[Stored entries]
■ ■ ■ ■ ■

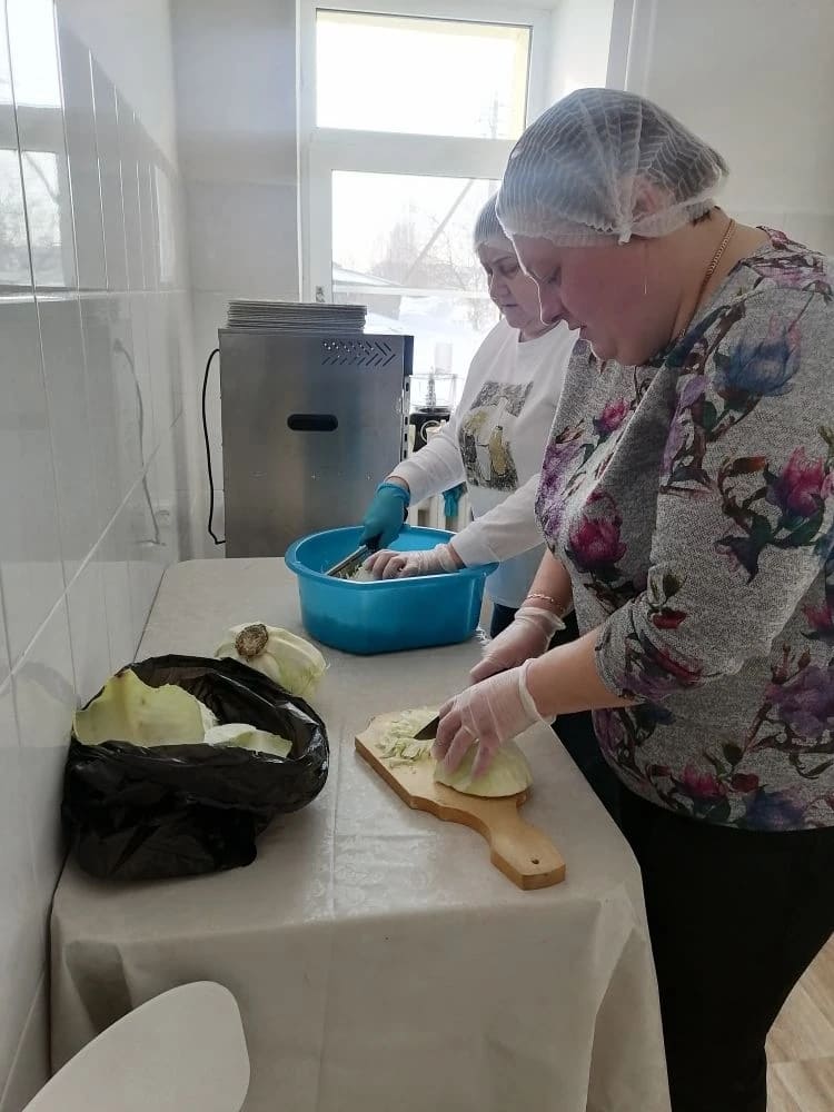 Сотрудники отделения "Специализированный жилой дом для граждан пожилого возраста и инвалидов" ГБУ "КЦСОН Краснобаковского муниципального округа" продолжают сушить продукты для изготовления сухих супов, отправляемых в зону действия СВО
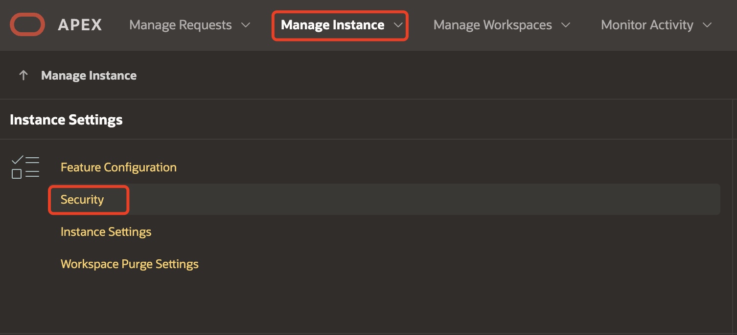 登录到 internal 的 workspace,设置路径: Manage Instance -> Security:
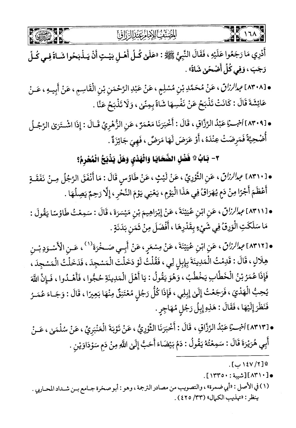 8312- عبد الرزاق، عَنِ ابْنِ عُيَيْنَةَ، عَن مِسْعَرٍ، عَنْ أَبِي صَخْرَةَ، عَنِ الأَسْوَدِ بْنِ هِلاَلٍ قَالَ: قَدِمْتُ المَدِينَةَ بِإِبِلٍ لِي، فَقُلْتُ: لَوْ دَخَلْتُ المَسْجِدَ، قَالَ: فَدَخَلْتُ المَسْجِدَ، فَإِذَا عُمَرُ بن الْخَطَّابِ يَخْطُبُ وَهُوَ يَقُولُ: يَا أَهْلَ المَدِينَةِ، حُجُّوا فَأَهْدُوا، فَإِنَّ اللهَ يُحِبُّ الْهَدْيَ، فَرَجَعْتُ إِلَى إِبِلِي، فَإِذَا كُلُّ رَجُلٍ مَعْتَنِقٌ مِنْهَا بَعِيرًا، قَالَ: وَجَاءَ عُمَرُ فَنَظَرَ إِلَيْهَا، فَقَالَ: هَذِهِ إِبِلُ رَجُلٍ مُهَاجِرٍ.
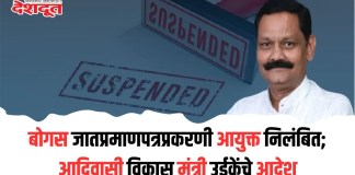 बोगस जात प्रमाणपत्र प्रकरणी आयुक्त निलंबित; आदिवासी विकास मंत्री उईकेंचे आदेश
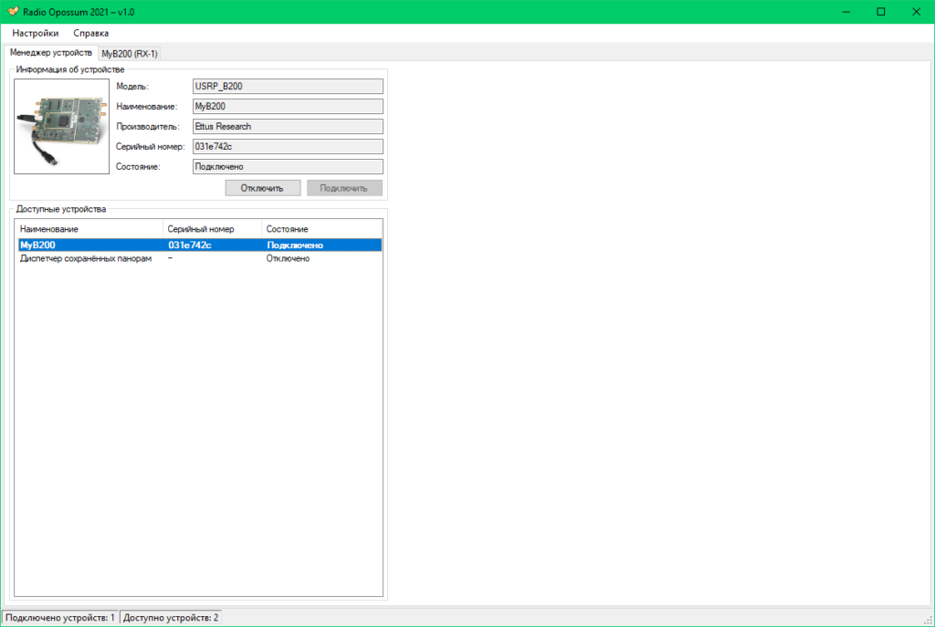 Перечень оборудования (квадратурных приёмников и анализаторов спектра), работающих под управлением программы Radio Opossum 2021, а также реализуемые им функциональные возможности, представлены в таблице 1.

■ ■ ■ ■ ■

Write out every line above exactly as it is, leaving out the pictures.

 Сотрудники отделения "Специализированный жилой дом для граждан пожилого возраста и инвалидов" ГБУ "КЦСОН Краснобаковского муниципального округа" продолжают сушить продукты для изготовления сухих супов, отправляемых в зону действия СВО
 登录到 internal 的 workspace,设置路径: Manage Instance -> Security:
 8312- عبد الرزاق، عَنِ ابْنِ عُيَيْنَةَ، عَن مِسْعَرٍ، عَنْ أَبِي صَخْرَةَ، عَنِ الأَسْوَدِ بْنِ هِلاَلٍ قَالَ: قَدِمْتُ المَدِينَةَ بِإِبِلٍ لِي، فَقُلْتُ: لَوْ دَخَلْتُ المَسْجِدَ، قَالَ: فَدَخَلْتُ المَسْجِدَ، فَإِذَا عُمَرُ بن الْخَطَّابِ يَخْطُبُ وَهُوَ يَقُولُ: يَا أَهْلَ المَدِينَةِ، حُجُّوا فَأَهْدُوا، فَإِنَّ اللهَ يُحِبُّ الْهَدْيَ، فَرَجَعْتُ إِلَى إِبِلِي، فَإِذَا كُلُّ رَجُلٍ مَعْتَنِقٌ مِنْهَا بَعِيرًا، قَالَ: وَجَاءَ عُمَرُ فَنَظَرَ إِلَيْهَا، فَقَالَ: هَذِهِ إِبِلُ رَجُلٍ مُهَاجِرٍ.
 बोगस जात प्रमाणपत्र प्रकरणी आयुक्त निलंबित; आदिवासी विकास मंत्री उईकेंचे आदेश
 Перечень оборудования (квадратурных приёмников и анализаторов спектра), работающих под управлением программы Radio Opossum 2021, а также реализуемые им функциональные возможности, представлены в таблице 1.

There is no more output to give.